* [Exercise description]: The lines in the listing below are to be given again exactly, starting at the line holding "今年4月以來,人民網上海頻道" and ending at the line holding "Jak wszystkie produkty". Do not include pictures.

* [Data provided]:
Content starts

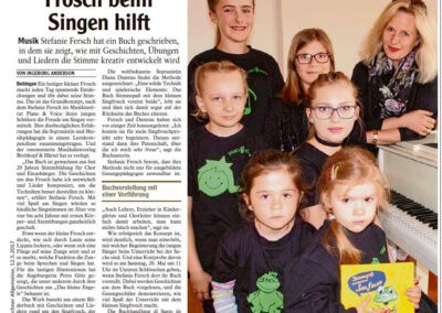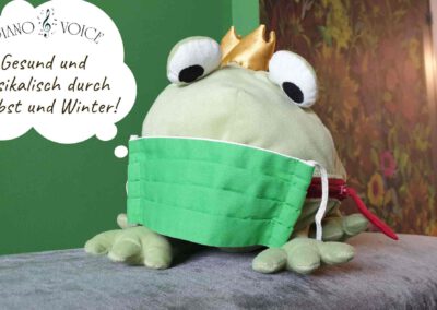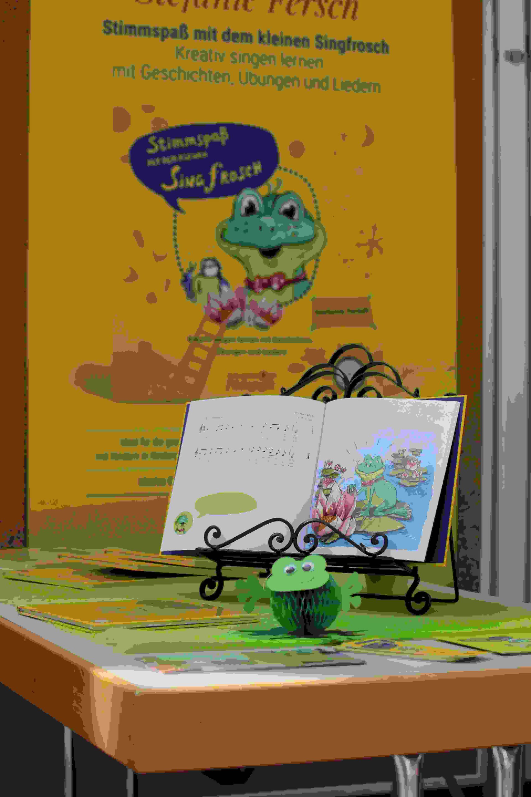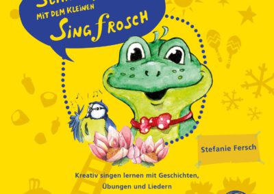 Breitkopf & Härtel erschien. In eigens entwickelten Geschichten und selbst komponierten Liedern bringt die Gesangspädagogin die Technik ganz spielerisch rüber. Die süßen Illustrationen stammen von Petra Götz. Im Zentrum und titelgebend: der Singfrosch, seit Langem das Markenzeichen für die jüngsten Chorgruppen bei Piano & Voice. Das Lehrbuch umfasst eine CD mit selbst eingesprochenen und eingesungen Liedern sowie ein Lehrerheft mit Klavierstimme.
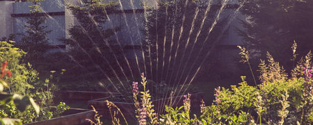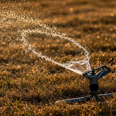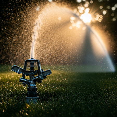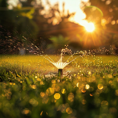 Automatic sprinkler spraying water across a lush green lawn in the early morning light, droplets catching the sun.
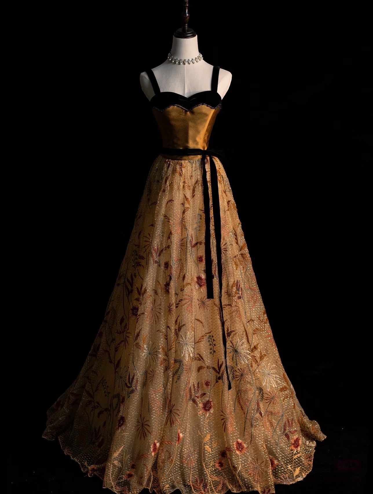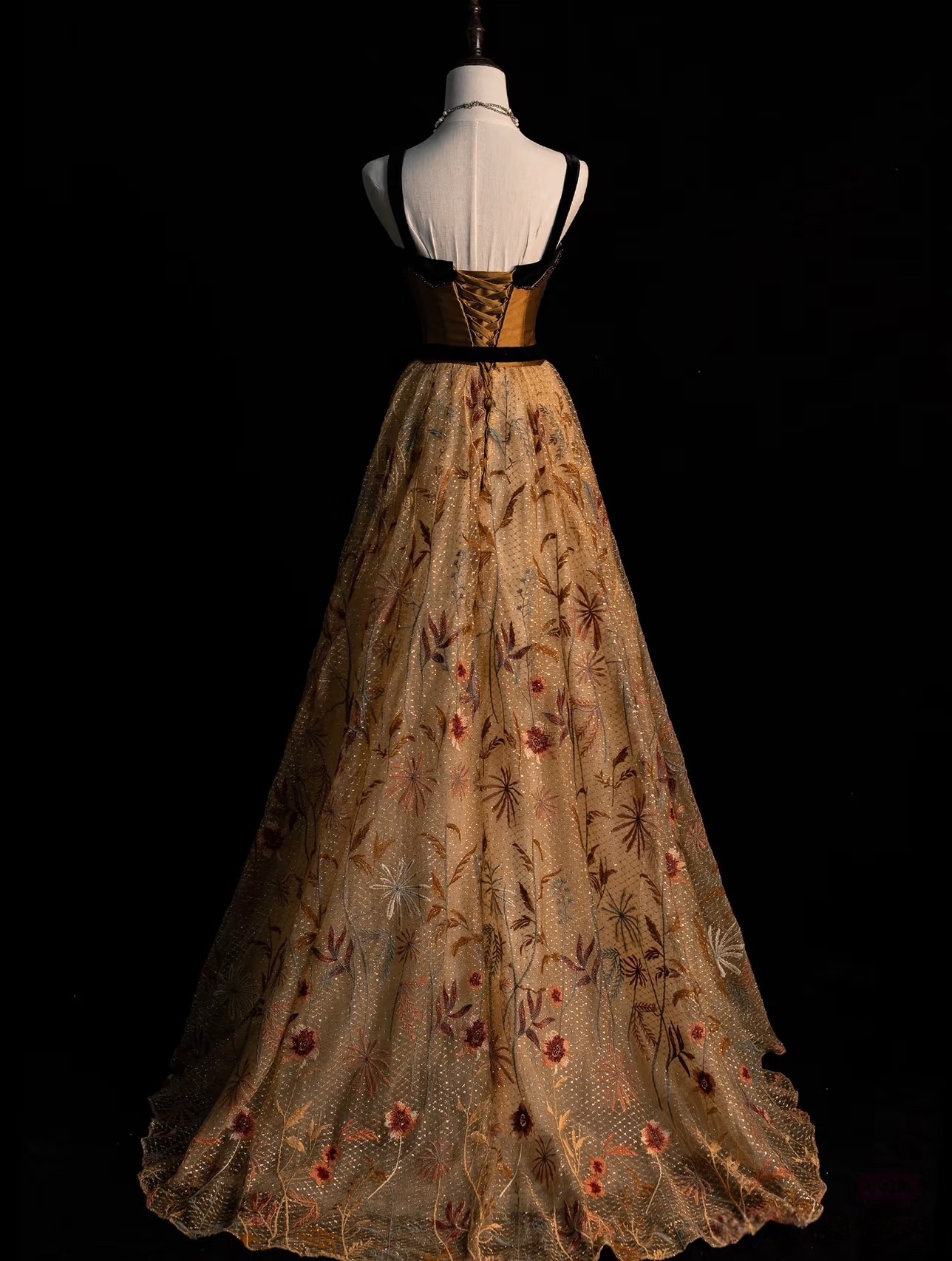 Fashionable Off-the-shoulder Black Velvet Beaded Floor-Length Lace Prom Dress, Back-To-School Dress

Content ends
Content starts

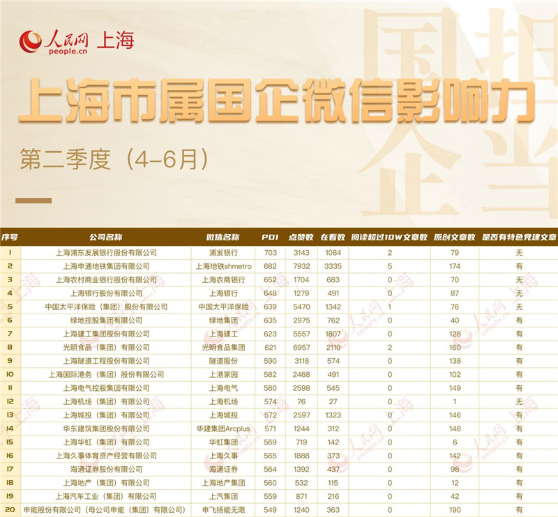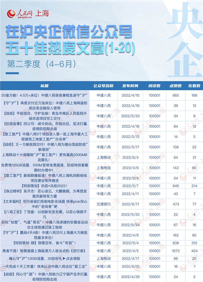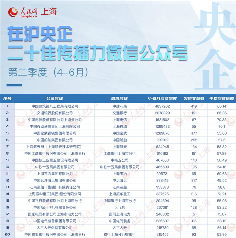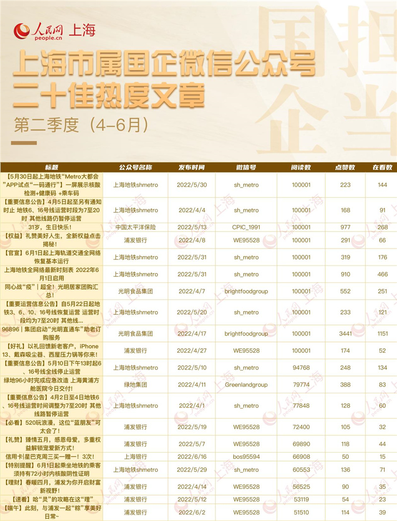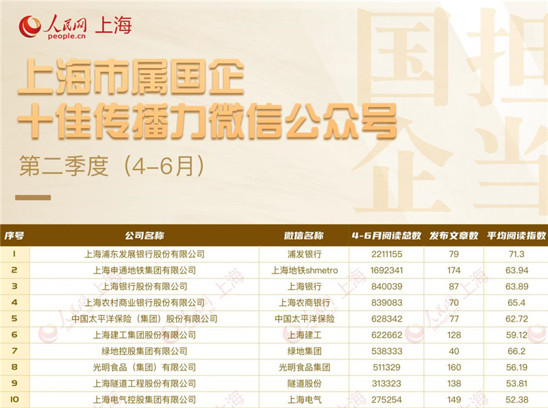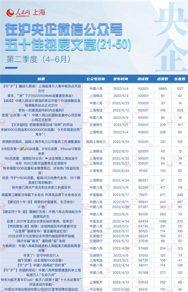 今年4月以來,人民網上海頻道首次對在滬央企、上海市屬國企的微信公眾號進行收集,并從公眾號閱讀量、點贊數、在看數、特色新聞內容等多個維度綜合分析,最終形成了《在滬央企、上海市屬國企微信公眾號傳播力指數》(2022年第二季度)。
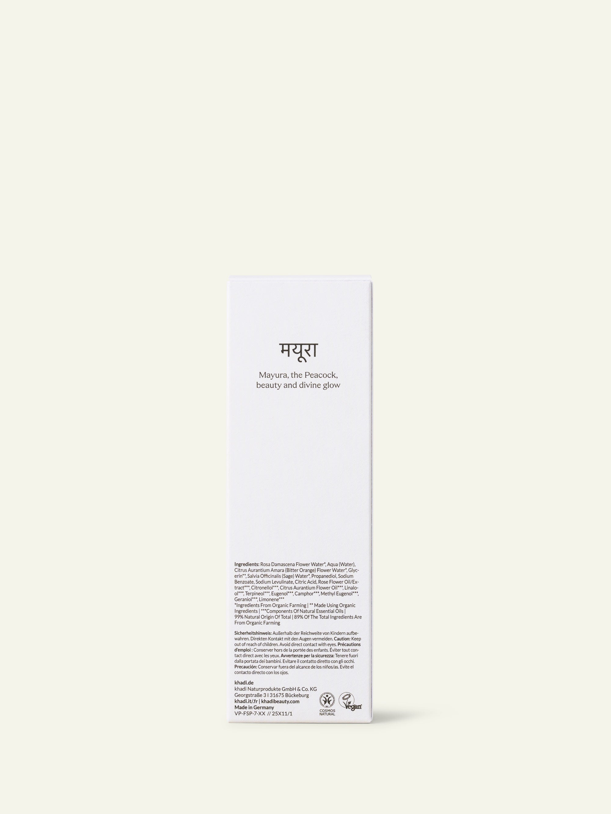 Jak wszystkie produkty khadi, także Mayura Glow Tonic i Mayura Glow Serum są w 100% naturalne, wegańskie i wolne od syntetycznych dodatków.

Content ends

* [Output]:
 今年4月以來,人民網上海頻道首次對在滬央企、上海市屬國企的微信公眾號進行收集,并從公眾號閱讀量、點贊數、在看數、特色新聞內容等多個維度綜合分析,最終形成了《在滬央企、上海市屬國企微信公眾號傳播力指數》(2022年第二季度)。
 Jak wszystkie produkty khadi, także Mayura Glow Tonic i Mayura Glow Serum są w 100% naturalne, wegańskie i wolne od syntetycznych dodatków.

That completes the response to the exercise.